Separate coefficients for positive and negative innovations to capture leverage effects.
:::
::::
## Modeling Approach: Dependence
:::: {.columns}
::: {.column width="48%"}
#### Time-varying dependence parameters
\begin{align*}
\Xi_{t} = & \Lambda\left(\boldsymbol{\xi}_{t}\right)
\\
\xi_{ij,t} = & \eta_{0,ij} + \eta_{1,ij} \xi_{ij,t-1} + \eta_{2,ij} z_{i,t-1} z_{j,t-1},
\end{align*}
$\xi_{ij,t}$ is a latent process
$z_{i,t}$ denotes the $i$-th standardized residual from time series $i$ at time point $t$
$\Lambda(\cdot)$ is a link function
- ensures that $\Xi_{t}$ is a valid variance covariance matrix
- ensures that $\Xi_{t}$ does not exceed its support space and remains semi-positive definite
:::
::: {.column width="2%"}
:::
::: {.column width="48%"}
#### Maximum Likelihood Estimation
All parameters can be estimated jointly.

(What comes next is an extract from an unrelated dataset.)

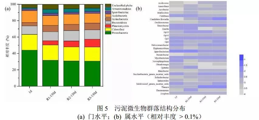 圖5(b)為污泥微生物屬水平熱圖??梢钥闯觯瑓捬醢毖趸鶦andidate Brocadia明顯富集;接種污泥中Candidate Brocadia菌難以檢測(cè)其豐度(< 0.01%),經(jīng)130 d的富集培養(yǎng),對(duì)照組R1污泥樣品中厭氧氨氧化菌Candidate Brocadia相對(duì)豐度為4.2%,而試驗(yàn)組R2、R3污泥樣品中其豐度分別為6.8%、8.2%,高于對(duì)照組R1。

Using conditional independence:
\begin{align*}
L = f_{X_1} \prod_{i=2}^T f_{X_i|\mathcal{F}_{i-1}},
\end{align*}
with multivariate conditional density:
\begin{align*}
f_{\mathbf{X}_t}(\mathbf{x}_t | \mathcal{F}_{t-1}) = c\left[\mathbf{F}(\mathbf{x}_t;\boldsymbol{\mu}_t, \boldsymbol{\sigma}_{t}^2, \boldsymbol{\nu},
\boldsymbol{\lambda});\Xi_t, \Theta\right] \cdot \\ \prod_{i=1}^K f_{X_{i,t}}(\mathbf{x}_t;\boldsymbol{\mu}_t, \boldsymbol{\sigma}_{t}^2, \boldsymbol{\nu}, \boldsymbol{\lambda})
\end{align*}
The copula density $c$ can be derived analytically.
:::
::::
## Study Design and Evaluation
:::: {.columns}
::: {.column width="48%"}
#### Rolling-window forecasting study
- 3257 observations total
- Window size: 1000 days (~ four years)
- Forecasting 30-steps-ahead
=> 2227 potential starting points
We sample 250 to reduce computational cost
We draw $2^{12}= 2048$ trajectories from the joint predictive distribution
:::
::: {.column width="2%"}
:::
::: {.column width="48%"}
#### Evaluation
Forecasts are evaluated by the energy score (ES)
\begin{align*}
\text{ES}_t(F, \mathbf{x}_t) = \mathbb{E}_{F} \left(||\tilde{\mathbf{X}}_t - \mathbf{x}_t||_2\right) - \frac{1}{2} \mathbb{E}_F \left(||\tilde{\mathbf{X}}_t - \tilde{\mathbf{X}}_t'||_2 \right)
\end{align*}
where $\mathbf{x}_t$ is the observed $K$-dimensional realization and $\tilde{\mathbf{X}}_t$, respectively $\tilde{\mathbf{X}}_t'$ are independent random vectors distributed according to $F$
For univariate cases the Energy Score becomes the Continuous Ranked Probability Score (CRPS)
:::
::::
## Energy Scores
:::: {.columns}
::: {.column width="48%"}
Relative improvement in ES compared to $\text{RW}^{\sigma, \rho}$
Cellcolor: w.r.t test statistic of Diebold-Mariano test (testing wether the model outperformes the benchmark, greener = better).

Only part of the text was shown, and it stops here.